- _EXERCISE DETAILS_:
Look below for the line containing "Η METRO με το"; from there through the line containing "Tờ Shanghaiist đưa", both lines included, please set down each line exactly and nothing else.

- _THE INPUT_:
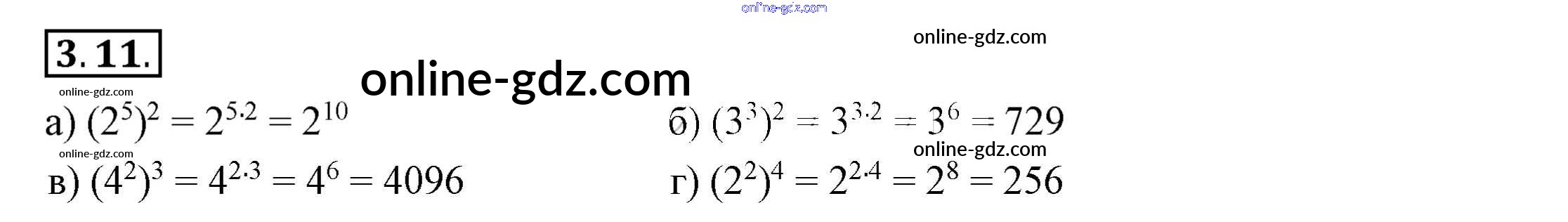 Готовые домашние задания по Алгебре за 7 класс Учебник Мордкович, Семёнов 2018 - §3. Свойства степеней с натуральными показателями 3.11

==

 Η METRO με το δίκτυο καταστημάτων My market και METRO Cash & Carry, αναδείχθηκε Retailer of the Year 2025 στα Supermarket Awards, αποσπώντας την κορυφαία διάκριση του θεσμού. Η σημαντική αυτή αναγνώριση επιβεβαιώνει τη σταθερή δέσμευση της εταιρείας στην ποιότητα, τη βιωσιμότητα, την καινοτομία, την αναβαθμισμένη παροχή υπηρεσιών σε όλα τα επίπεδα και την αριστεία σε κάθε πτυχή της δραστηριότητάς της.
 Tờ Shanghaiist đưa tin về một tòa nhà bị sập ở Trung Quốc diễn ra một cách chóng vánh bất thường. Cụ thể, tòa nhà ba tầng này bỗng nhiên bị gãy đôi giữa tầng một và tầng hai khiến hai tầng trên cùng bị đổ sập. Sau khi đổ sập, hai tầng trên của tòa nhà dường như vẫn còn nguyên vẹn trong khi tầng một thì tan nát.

...

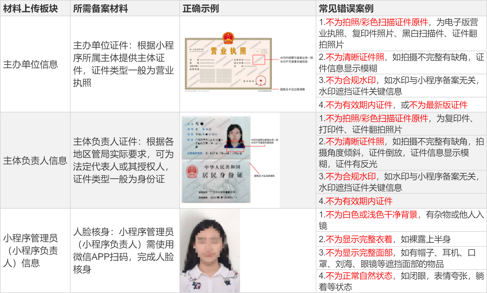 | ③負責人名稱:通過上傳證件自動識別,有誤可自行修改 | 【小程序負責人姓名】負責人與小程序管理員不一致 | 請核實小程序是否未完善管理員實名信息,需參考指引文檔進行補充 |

- _ANSWER_:
 Η METRO με το δίκτυο καταστημάτων My market και METRO Cash & Carry, αναδείχθηκε Retailer of the Year 2025 στα Supermarket Awards, αποσπώντας την κορυφαία διάκριση του θεσμού. Η σημαντική αυτή αναγνώριση επιβεβαιώνει τη σταθερή δέσμευση της εταιρείας στην ποιότητα, τη βιωσιμότητα, την καινοτομία, την αναβαθμισμένη παροχή υπηρεσιών σε όλα τα επίπεδα και την αριστεία σε κάθε πτυχή της δραστηριότητάς της.
 Tờ Shanghaiist đưa tin về một tòa nhà bị sập ở Trung Quốc diễn ra một cách chóng vánh bất thường. Cụ thể, tòa nhà ba tầng này bỗng nhiên bị gãy đôi giữa tầng một và tầng hai khiến hai tầng trên cùng bị đổ sập. Sau khi đổ sập, hai tầng trên của tòa nhà dường như vẫn còn nguyên vẹn trong khi tầng một thì tan nát.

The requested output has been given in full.